Supplied data:
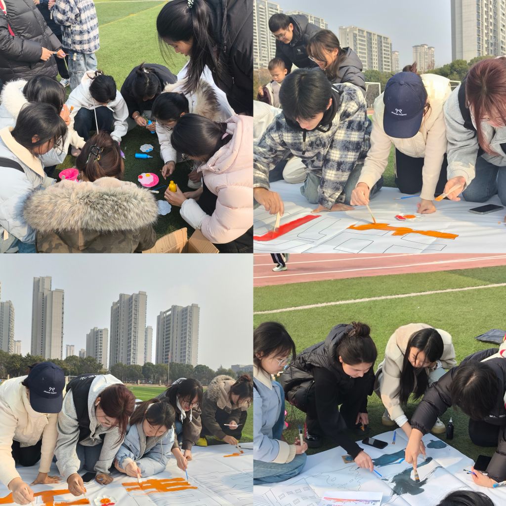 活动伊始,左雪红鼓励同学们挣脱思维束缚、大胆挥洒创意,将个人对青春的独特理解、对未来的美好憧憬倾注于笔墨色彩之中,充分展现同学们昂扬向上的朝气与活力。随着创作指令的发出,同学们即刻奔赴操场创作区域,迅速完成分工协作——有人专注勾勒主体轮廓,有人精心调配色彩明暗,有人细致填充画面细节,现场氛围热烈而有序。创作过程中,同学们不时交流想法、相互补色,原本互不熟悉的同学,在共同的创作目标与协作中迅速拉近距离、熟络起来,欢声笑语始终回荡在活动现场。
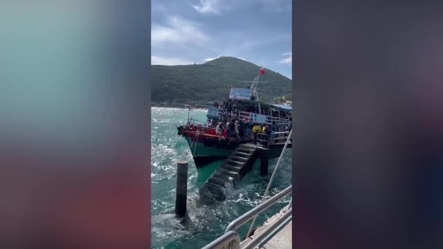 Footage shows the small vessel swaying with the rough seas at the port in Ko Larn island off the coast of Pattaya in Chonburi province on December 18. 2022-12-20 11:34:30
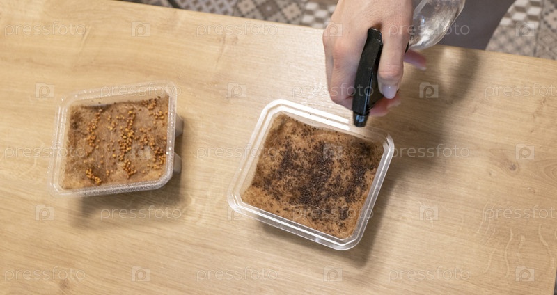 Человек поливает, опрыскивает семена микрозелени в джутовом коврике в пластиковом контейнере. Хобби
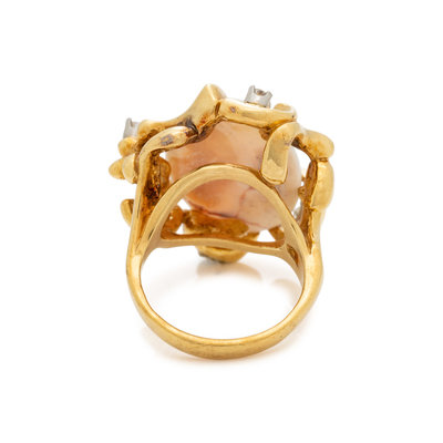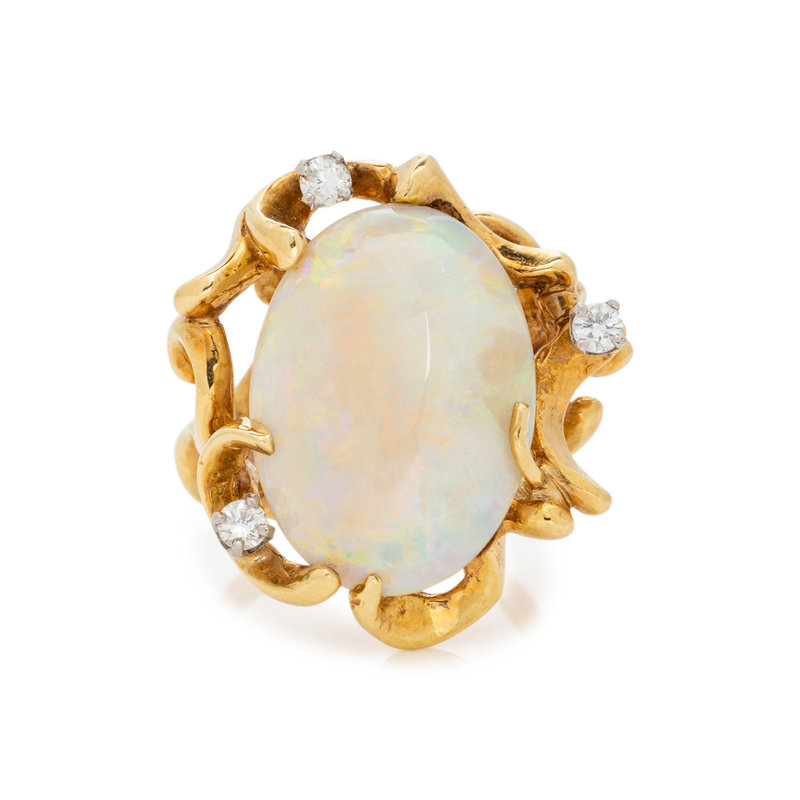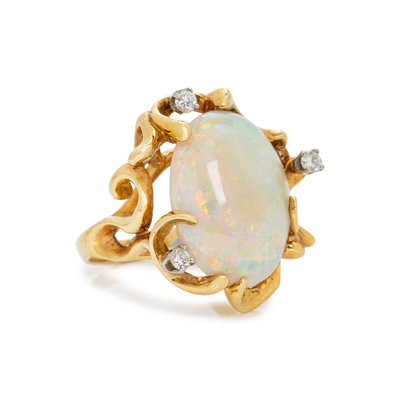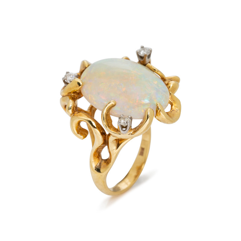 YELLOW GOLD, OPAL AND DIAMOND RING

Exercise: Beginning with the line that contains "Человек поливает, опрыскивает" in the data above, please copy each line exactly until the last line, both ends included, skipping any pictures.

Output:
 Человек поливает, опрыскивает семена микрозелени в джутовом коврике в пластиковом контейнере. Хобби
 YELLOW GOLD, OPAL AND DIAMOND RING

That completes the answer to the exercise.